=== Section Start ===

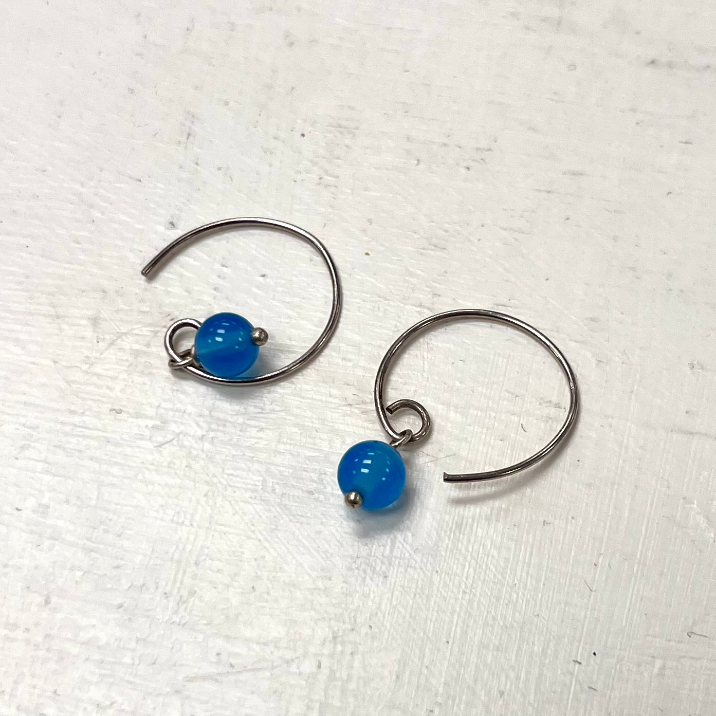 Silver Open Hoop Earring with Blue Opalite Bead
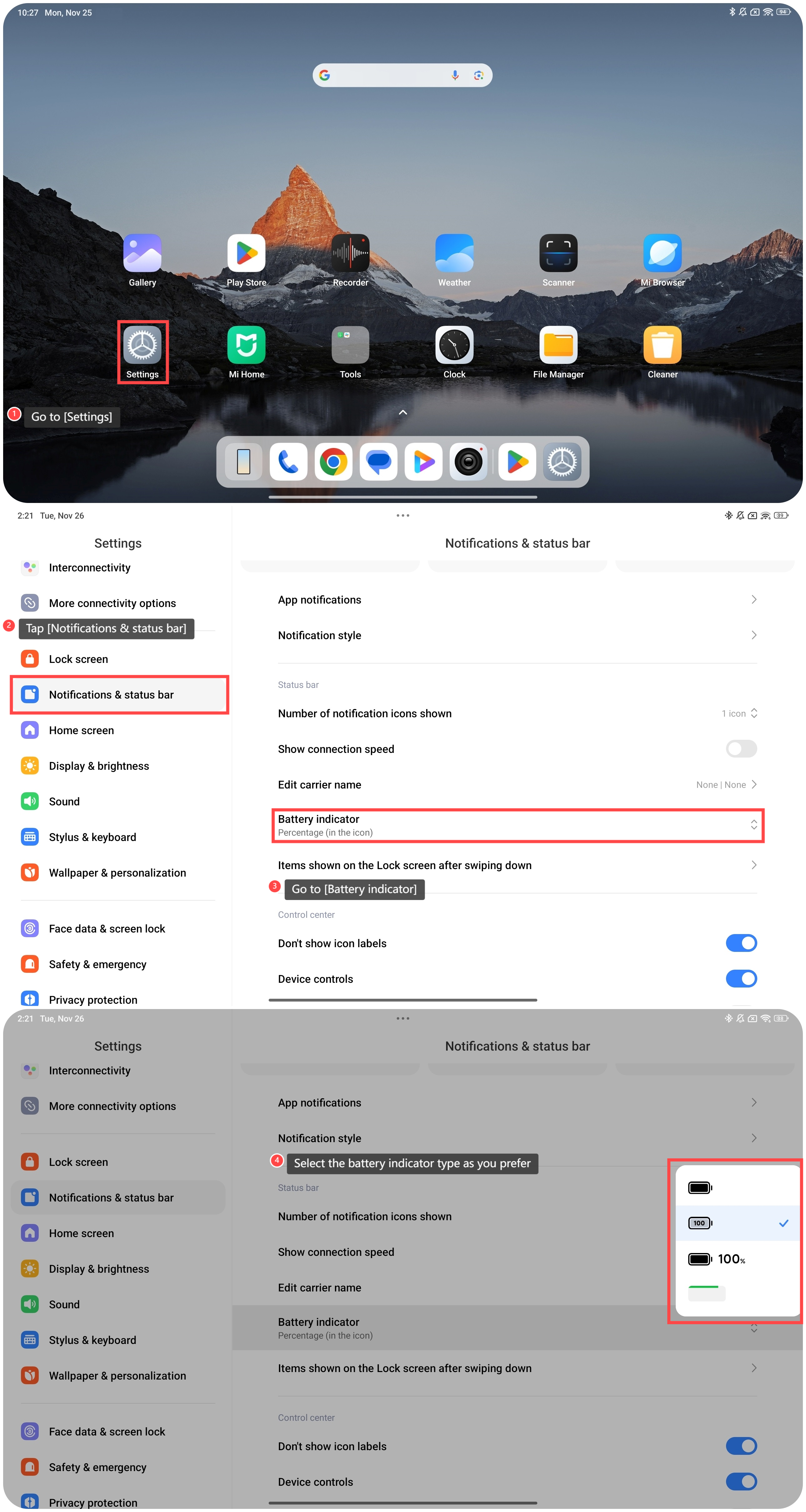 Để điều chỉnh loại chỉ báo pin trên Redmi Pad Pro 5G, vui lòng tham khảo các bước sau:
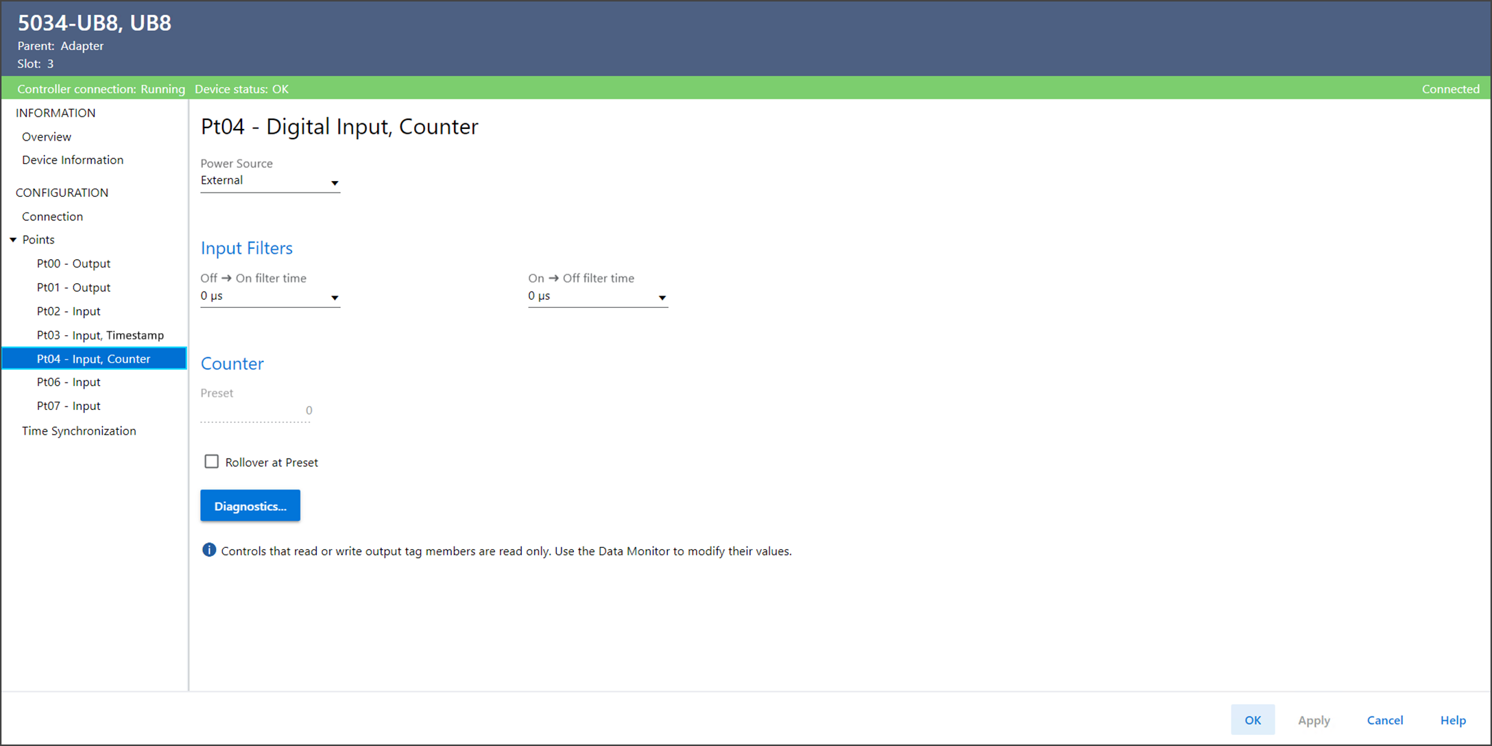 使用 Ptxx – Digital Input, Counter 查看或配置设备的点。
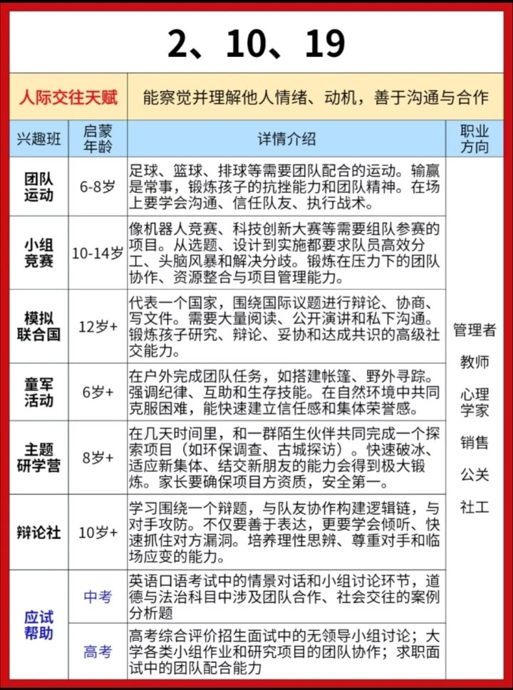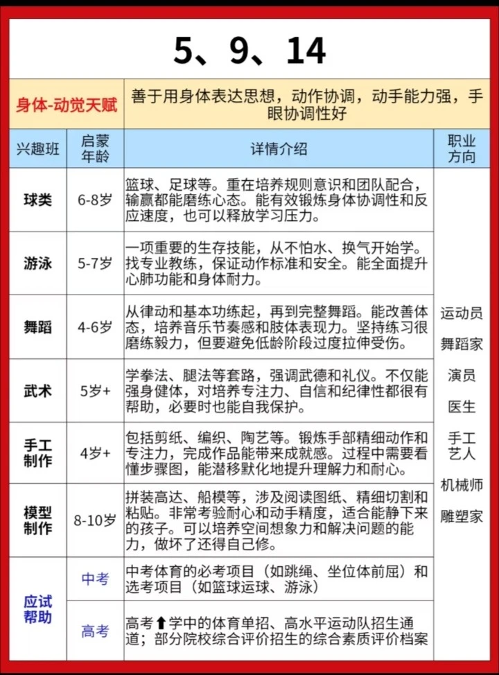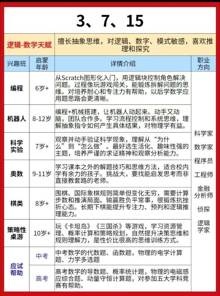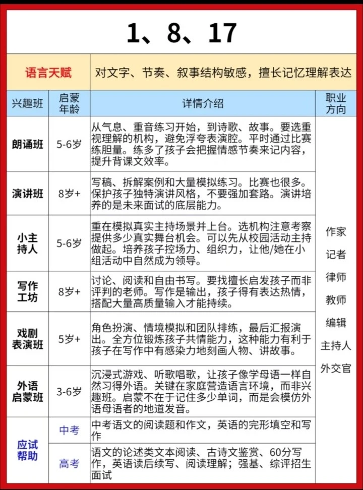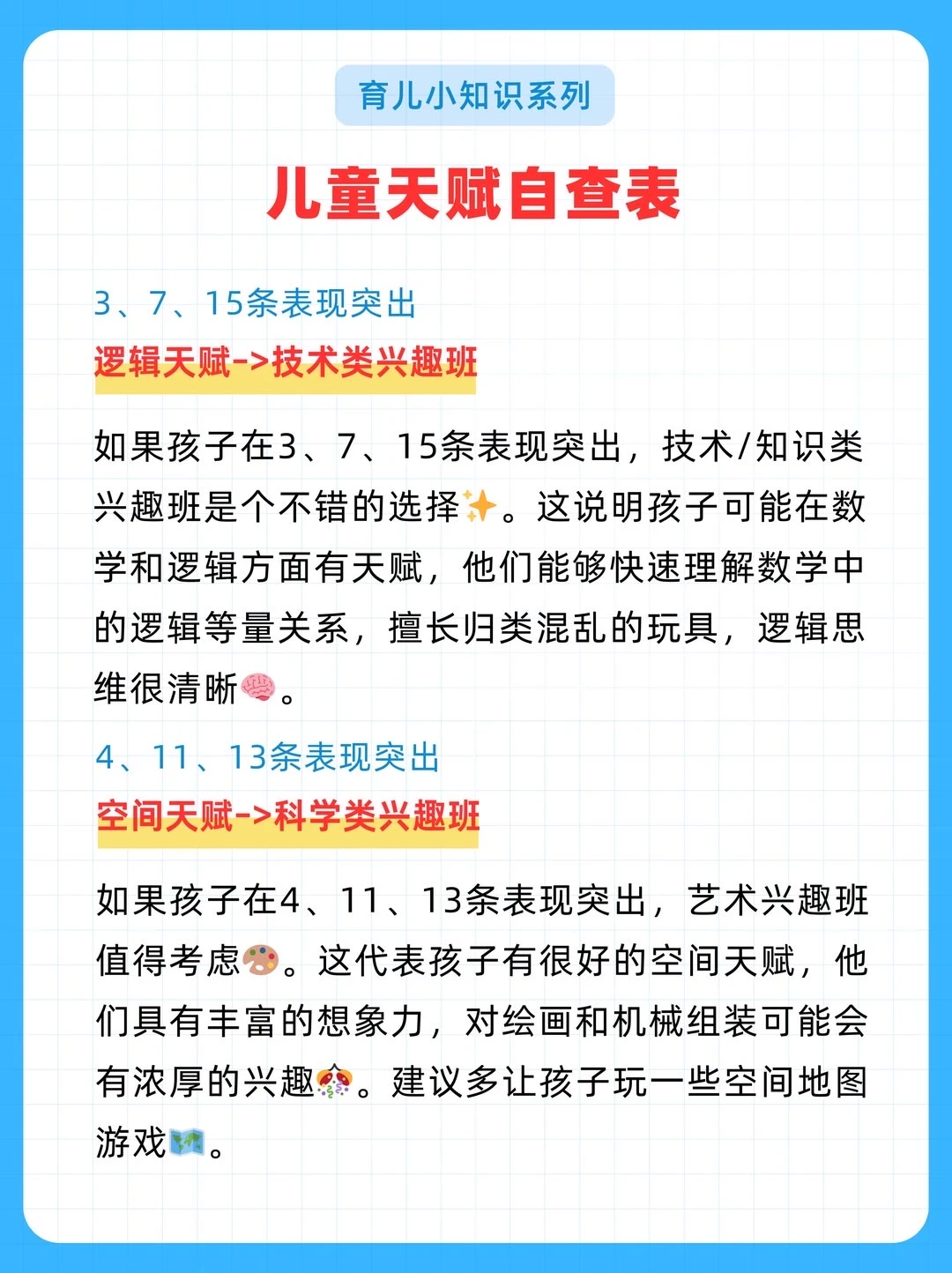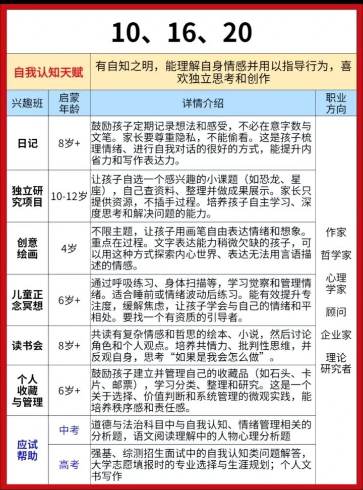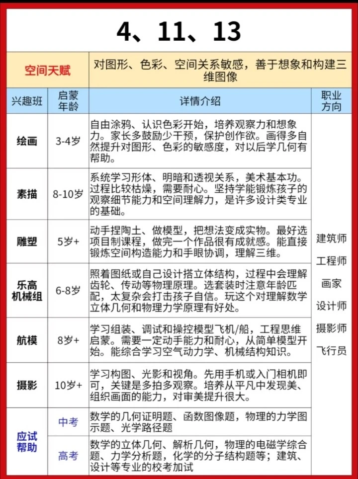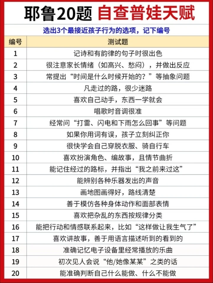 给大家分享一份耶鲁大学研发的《儿童天赋自查表》,不是测智商,而是从日常细节读懂孩子潜能。 20个生活化问题,覆盖7大智能领域。 5分钟,帮你看见孩子藏在言行里的闪光点。 因材施教,让每一种天赋都不被埋没。 ✅ 全面涵盖语言、音乐、交际、逻辑、空间、运动、艺术等多方面天赋判断 ✅ 通过日常行为分析,帮助家长发现孩子潜在天赋,科学选兴趣班 ✅ 附兴趣班推荐、职业方向、适合年龄等详细说明,实用性强 ✅实用:2-7岁适用,精准定位天赋方向 ‼️测评结果仅供参考,还是以孩子实际发展情况为准。

=== Section End ===

GOAL OF THE EXERCISE ▸
In your copy of the listing, please omit the pictures and keep every word exact.

EXERCISE RESULT ▸
 Silver Open Hoop Earring with Blue Opalite Bead
 Để điều chỉnh loại chỉ báo pin trên Redmi Pad Pro 5G, vui lòng tham khảo các bước sau:
 使用 Ptxx – Digital Input, Counter 查看或配置设备的点。
 给大家分享一份耶鲁大学研发的《儿童天赋自查表》,不是测智商,而是从日常细节读懂孩子潜能。 20个生活化问题,覆盖7大智能领域。 5分钟,帮你看见孩子藏在言行里的闪光点。 因材施教,让每一种天赋都不被埋没。 ✅ 全面涵盖语言、音乐、交际、逻辑、空间、运动、艺术等多方面天赋判断 ✅ 通过日常行为分析,帮助家长发现孩子潜在天赋,科学选兴趣班 ✅ 附兴趣班推荐、职业方向、适合年龄等详细说明,实用性强 ✅实用:2-7岁适用,精准定位天赋方向 ‼️测评结果仅供参考,还是以孩子实际发展情况为准。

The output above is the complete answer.